Scritto da Andrea Corigliano Martedì 02 Aprile 2024 08:00

SETTIMANA VIA VIA PIÙ STABILE, IN ATTESA DEL PRIMO SUSSULTO SIMIL-ESTIVO DEL PROMONTORIO NORD AFRICANO

Simulazione ensemble per il 3 aprile 2024Con i picchi di temperatura registrati oggi, compresi tra i 32 e i 35 °C lungo il versante tirrenico della Sicilia ancora esposto ai venti meridionali forzati dalla compressione adiabatica, si va chiudendo questa fase meteorologica che, se da un lato ha visto tutta la penisola alle prese con un ingente trasporto di polveri sahariane, dall’altro ha contrapposto alla stabilità atmosferica avuta sulle regioni centro-meridionali le condizioni a tratti anche perturbate su quelle settentrionali e in particolare al Nord-Ovest, dove invece siamo stati spettatori di un nuovo apporto di copiose precipitazioni piovose e nevose, in genere a quote medio-alte. Nei prossimi giorni l’ampia circolazione ciclonica presente in Oceano Atlantico tenderà a cambiare forma e posizione e di conseguenza, proprio come succede in un effetto domino, cambieranno gli equilibri barici anche sul bacino centro-occidentale del Mediterraneo. Allontanandosi prima dalle coste occidentali europee (fig. 1) e tentando poi un nuovo affondo verso le basse latitudini (fig. 2), la vasta depressione esporrà la nostra penisola a un iniziale flusso zonale che porterà da nord a sud condizioni di generale variabilità.
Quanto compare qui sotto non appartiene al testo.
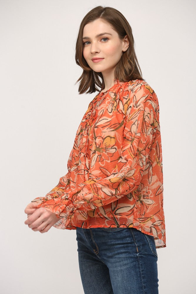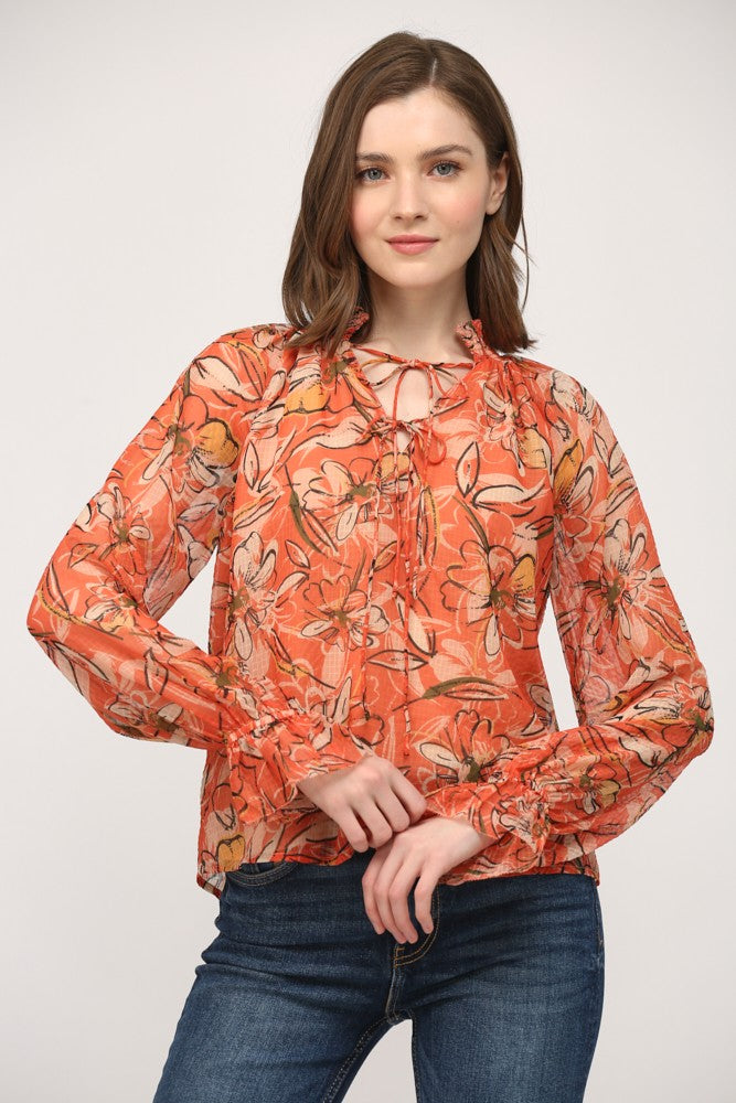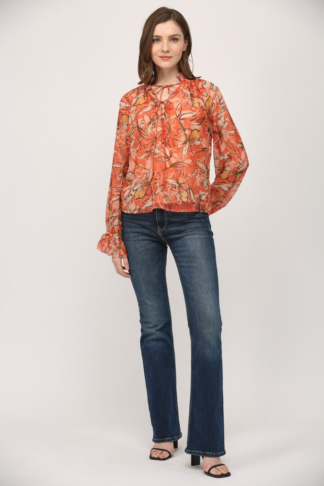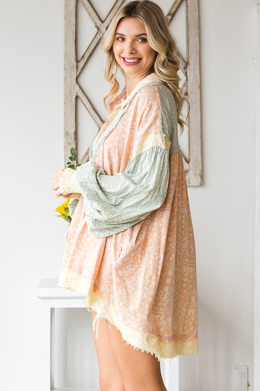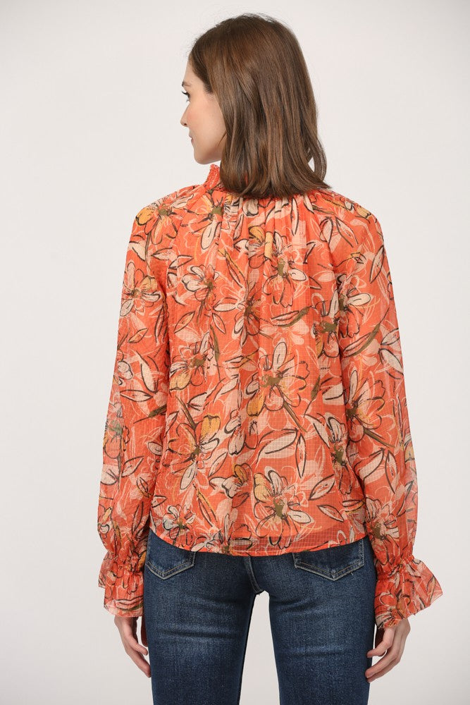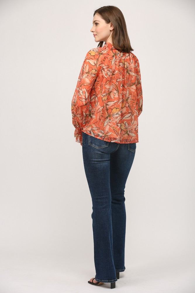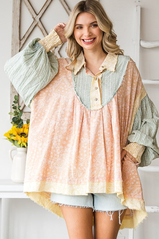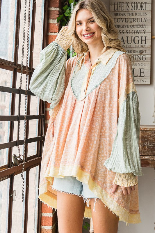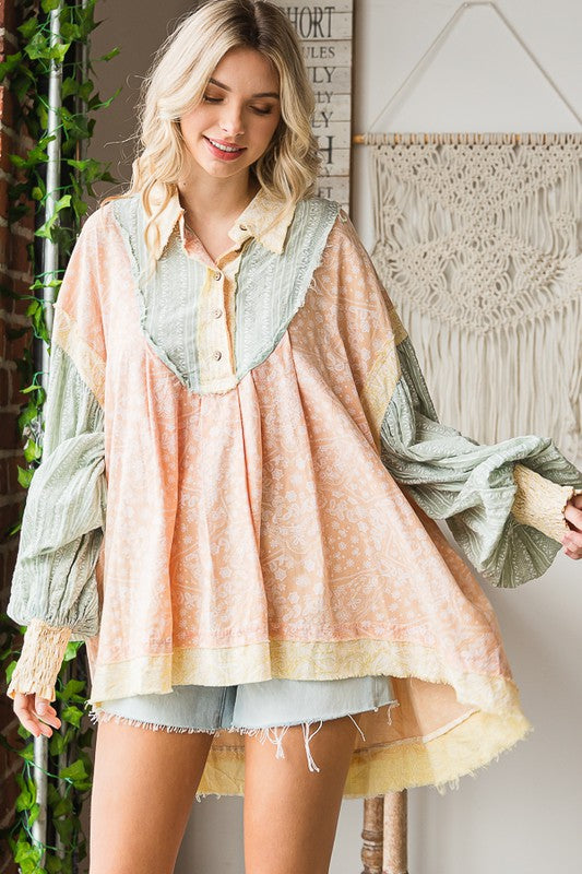 The Iris Floral Lace Contrast Panel Balloon Sleeve Top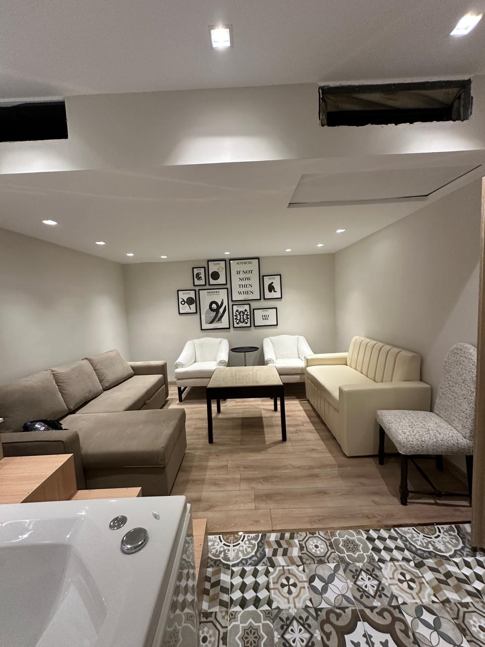 The luxury chalet is 150 square meter bigger than a luxury presidential suit in any 5 stars hotel, fully air-conditioned. Features a fully equipped modern kitchen, a dining table, two living rooms, a 02 modern on-suite bedrooms where the guest enjoys high quality branded mattresses, a big sofa-bed, a private indoor heated jacuzzi, a 75"smart screen, a safety boxes . Loaded with top class appliances, a big fridge, a dishwasher, a stove, built-in oven, built-in microwave & Waching-machine.
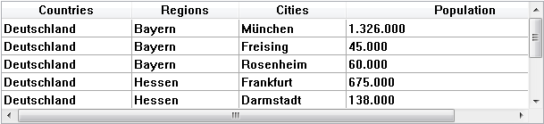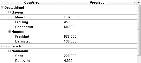 Wird ein Formular mit hierarchischer Listbox zum ersten Mal geöffnet, werden standardmäßig alle Zeilen aufgeklappt. Ein Umbruch und ein hierarchischer Knotenpunkt werden automatisch in der Listbox hinzugefügt, wenn Werte in den Arrays wiederholt werden. Nehmen wir z.B. eine Listbox mit vier Arrays mit den Spalten "Countries", "Regions", "Cities" und "Population":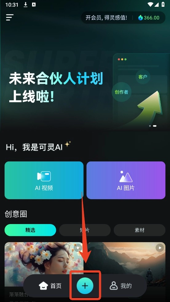 1、首先点击屏幕下方的加号,开始新建创作。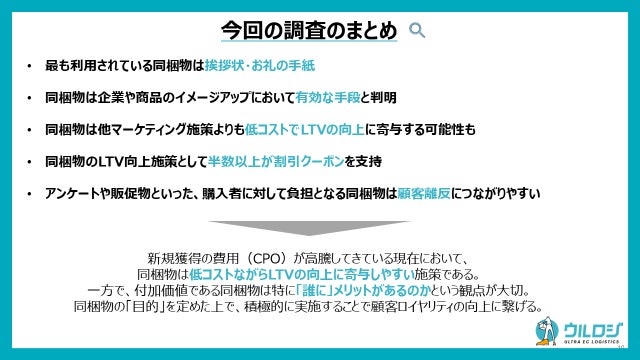 調査結果から低コストでLTVを最大化するための同梱物の工夫のしかたもご紹介します。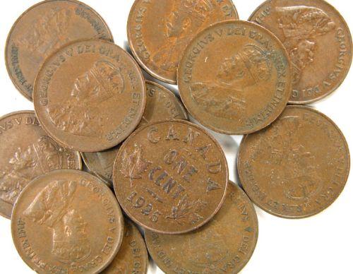 Canada Small Cent 1922, 1924, 1925, 1926 three pieces, 1927, 1929, 1930 three pieces and 1931. Total twelve pieces, all VF-EF or better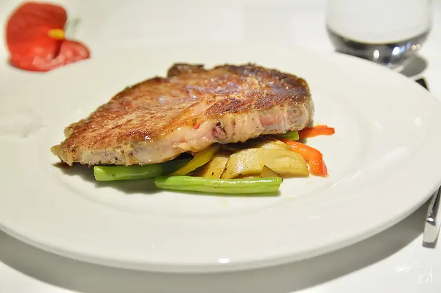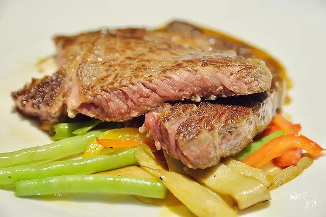 牛肉的份量真的很大,底下襯著的是炒四季豆、甜椒、杏鮑菇,不過有點油。牛排熟度我選擇的是五分熟,牛排柔軟,味道還不錯,可吃的到牛肉的甜香味,一旁的紅酒醬很香,我滿喜歡的。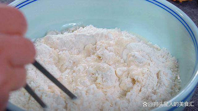 1.300克面粉放入盆中,用1180毫升熱水和面,水溫是60-70度左右,一邊倒一邊攪拌,攪拌成面絮狀。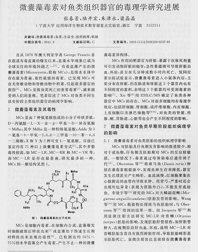 微囊藻毒素對魚類組織器官的毒理學(xué)研究進(jìn)展1

Successivamente, nella seconda parte della settimana, si andrà materializzando una graduale rimonta del promontorio nord africano che riceverà la spinta a espandersi verso le nostre latitudini dalla discesa di aria fredda lungo i meridiani atlantici, sul fianco occidentale della saccatura. In questa nuovo scambio meridiano delle correnti l’Italia non si troverà più a metà strada tra le due circolazioni come è successo in questi ultimi giorni, ma proprio per il fatto che la saccatura si troverà in una posizione più occidentale le nostre regioni risentiranno quasi completamente dell’azione stabilizzatrice e particolarmente mite del promontorio subtropicale. Non dovremmo andare incontro a una configurazione di blocco perché le correnti perturbate atlantiche, passo dopo passo, riusciranno molto probabilmente a spingere la figura anticiclonica verso levante nell’arco di 3-5 giorni, a seconda delle regioni interessate.

Al di là di questo, però, sembra essere considerevole per il periodo l’afflusso di aria subtropicale in arrivo, con l’isoterma di 15 °C a 850 hPa che tra il finire di questa settimana e all’inizio della prossima non dovrebbe trovare difficoltà a raggiungere almeno le nostre regioni centro-meridionali e apportare così anomalie termiche positive anche a doppia cifra. Tra l’altro, non trovandoci più nel periodo invernale in cui – come abbiamo imparato – è attivo lo scudo dell’inversione termica pronto ad attenuare gli effetti dell’avvezione calda nei bassi strati, possiamo fin d’ora ipotizzare che sotto questo disegno sinottico diventa non così irrealistico ritenere che possa concretizzarsi una situazione termica dalle caratteristiche tardo primaverili se non addirittura simil-estive, soprattutto nelle aree interne e lontano dalle coste.



Avremo modo di definire meglio lo scenario e le sue caratteristiche nei prossimi interventi.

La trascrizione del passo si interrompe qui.